- Promotional release poster
- French: Le Monde du silence
- Directed by: Jacques Cousteau Louis Malle
- Written by: Jacques Cousteau James Dugan
- Based on: The Silent World: A Story of Undersea Discovery and Adventure by Jacques Cousteau
- Produced by: Jacques-Yves Cousteau Marcel Ichac Jacques Mauger
- Starring: Jacques Cousteau
- Cinematography: Louis Malle Underwater photography: Philippe Agostino
- Edited by: Georges Alépée
- Music by: Yves Baudrier
- Production companies: FSJYC Production Requins Associés Société Filmad Titanus
- Distributed by: Rank
- Release dates: 26 May 1956 (Cannes); 15 August 1956 (Japan);
- Running time: 86 minutes
- Country: France
- Language: French
- Box office: $3 million (rentals)

= The Silent World =

1956 documentary film by Jacques Cousteau and Louis Malle

The Silent World (Le Monde du silence) is a 1956 French documentary film co-directed by Jacques Cousteau and Louis Malle. One of the first films to use underwater cinematography to show the ocean depths in color, its title derives from Cousteau's 1953 book The Silent World: A Story of Undersea Discovery and Adventure.

== Film ==
The film was shot aboard the ship Calypso. Cousteau and his team of divers shot 25 kilometers of film over two years in the Mediterranean Sea, the Persian Gulf, the Red Sea and the Indian Ocean, of which 2.5 kilometers were included in the finished documentary.
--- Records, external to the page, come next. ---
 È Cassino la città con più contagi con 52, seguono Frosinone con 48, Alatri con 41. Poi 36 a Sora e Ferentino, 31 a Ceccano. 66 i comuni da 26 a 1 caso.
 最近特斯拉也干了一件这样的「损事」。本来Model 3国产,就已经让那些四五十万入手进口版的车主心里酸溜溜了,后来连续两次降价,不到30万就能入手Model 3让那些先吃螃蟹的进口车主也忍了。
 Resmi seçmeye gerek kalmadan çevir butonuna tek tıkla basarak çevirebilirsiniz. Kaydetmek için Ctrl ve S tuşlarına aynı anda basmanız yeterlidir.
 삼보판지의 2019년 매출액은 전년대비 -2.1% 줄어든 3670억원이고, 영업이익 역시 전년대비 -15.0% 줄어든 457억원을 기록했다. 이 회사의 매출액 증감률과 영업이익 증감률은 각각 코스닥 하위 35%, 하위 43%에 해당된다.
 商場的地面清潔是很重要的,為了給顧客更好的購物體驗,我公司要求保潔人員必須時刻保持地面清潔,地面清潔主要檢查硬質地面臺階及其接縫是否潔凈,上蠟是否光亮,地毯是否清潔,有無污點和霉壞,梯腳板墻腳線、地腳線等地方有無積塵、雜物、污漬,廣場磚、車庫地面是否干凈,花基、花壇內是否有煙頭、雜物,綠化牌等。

The film later faced criticism for environmental damage done during the filmmaking. In one scene, the crew of the Calypso massacre a school of sharks that were drawn to the carcass of a baby whale for some reason, which itself had been mortally injured by the crew, albeit accidentally (Cousteau had the ship driven into a pod of whales to get a close-up view, striking one whale in the process before the baby was lacerated by the prop). In another, Cousteau uses dynamite near a coral reef in order to make a more complete census of the marine life in its vicinity. Cousteau later became more environmentally conscious, involved in marine conservation, and was even called "the father of the environmental movement" by Ted Turner.

==Reception==
The Silent World opened at the 1956 Cannes Film Festival and won the Palme d'Or award; it was the only documentary film to win the award until Michael Moore's Fahrenheit 9/11 repeated the feat in 2004.

The film was released in the United States on September 24, 1956 by Columbia Pictures and earned theatrical rentals of over $3 million.

It was the first of Cousteau's documentary films to win an Academy Award for Best Documentary Feature Film.